I've been working on solutions to my first unanswered questions and had been proposed to rather model the proportion of total count of deaths that are unnatural death counts. The reason why I want to do this, is because I want to determine the count of natural and unnatural deaths for a certain month of a year of a district for a specific gender.
Say my data looks like this: (Data goes up to 2009, where the whole of 2007 is missing and first 3 months of 2008 are missing - the counts of deaths.)

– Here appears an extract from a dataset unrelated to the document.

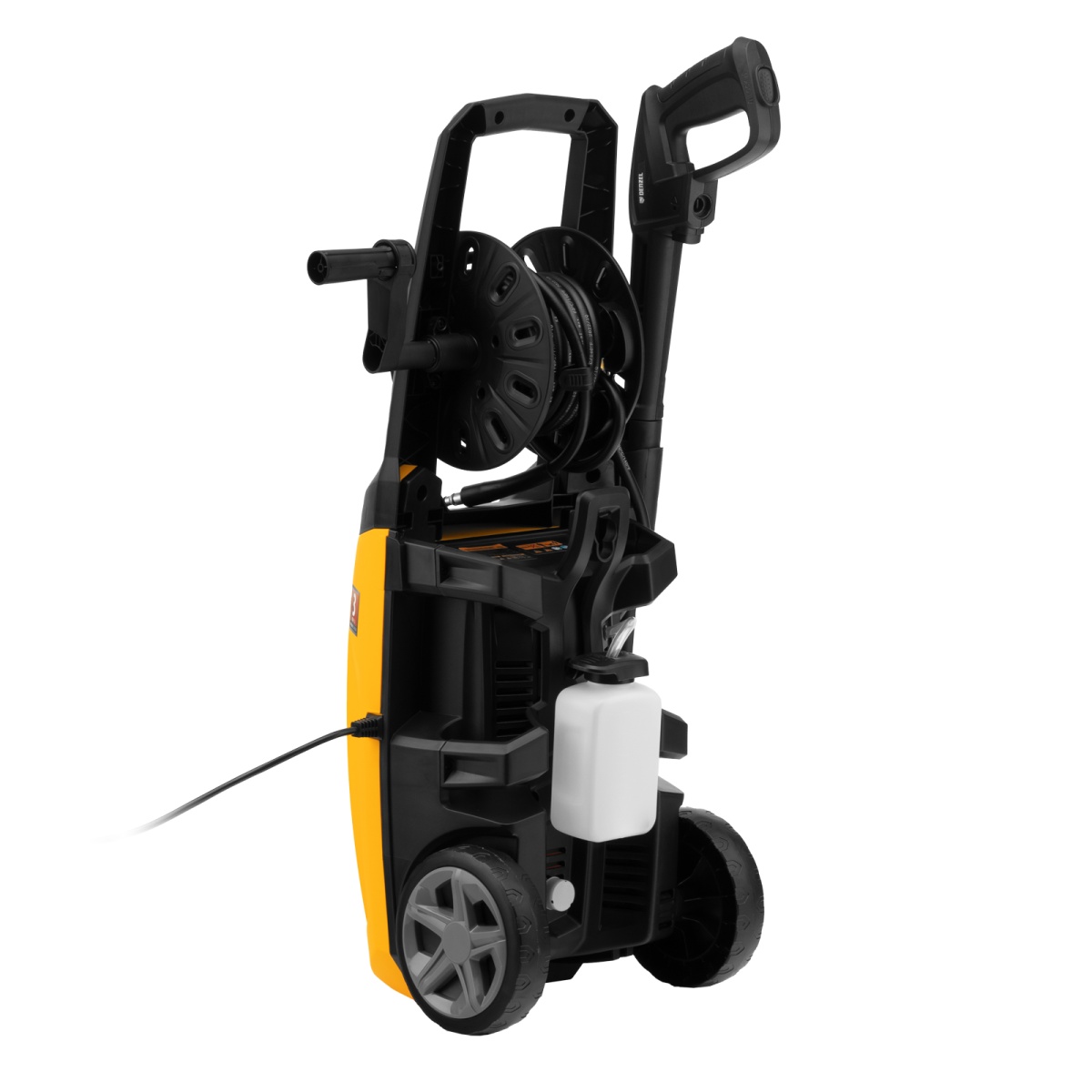 - Длина шланга и кабеля 5 м — не нужно часто перемещать машину, можно работать на удалении от розетки.

District Gender Year Month AgeGroup Unnatural Natural Total
961 Khayelitsha Female 2001 1 0 0 6 6
965 Khayelitsha Female 2001 2 0 2 9 11
969 Khayelitsha Female 2001 3 0 3 10 13
973 Khayelitsha Female 2001 4 0 0 14 14
977 Khayelitsha Female 2001 5 0 0 16 16
981 Khayelitsha Female 2001 6 0 0 13 13
985 Khayelitsha Female 2001 7 0 3 11 14
989 Khayelitsha Female 2001 8 0 1 12 13
993 Khayelitsha Female 2001 9 0 0 6 6
997 Khayelitsha Female 2001 10 0 1 11 12
1001 Khayelitsha Female 2001 11 0 0 7 7
1005 Khayelitsha Female 2001 12 0 2 8 10
1009 Khayelitsha Female 2002 1 0 0 13 13
1013 Khayelitsha Female 2002 2 0 1 16 17
1017 Khayelitsha Female 2002 3 0 0 9 9
1021 Khayelitsha Female 2002 4 0 0 14 14
1025 Khayelitsha Female 2002 5 0 0 14 14
1029 Khayelitsha Female 2002 6 0 1 16 17
1033 Khayelitsha Female 2002 7 0 2 12 14
1037 Khayelitsha Female 2002 8 0 1 6 7
1041 Khayelitsha Female 2002 9 0 0 9 9
1045 Khayelitsha Female 2002 10 0 0 8 8
1049 Khayelitsha Female 2002 11 0 0 9 9
1053 Khayelitsha Female 2002 12 0 0 6 6
So what I want to do is: model the proportion of Total which is Unnatural so that I could use these models to impute the missing counts of total and unnatural for the missing period, and then use these to find the natural for the missing period. Main question now is just to model. I've been pretty confused if I should use SARIMA/ARIMA/ARMA models (as these counts are too small). I've also looked at examples that use state-space models and Kalman recursions - but I'm so confused what I should use?
Hope someone can help me in all my confusion.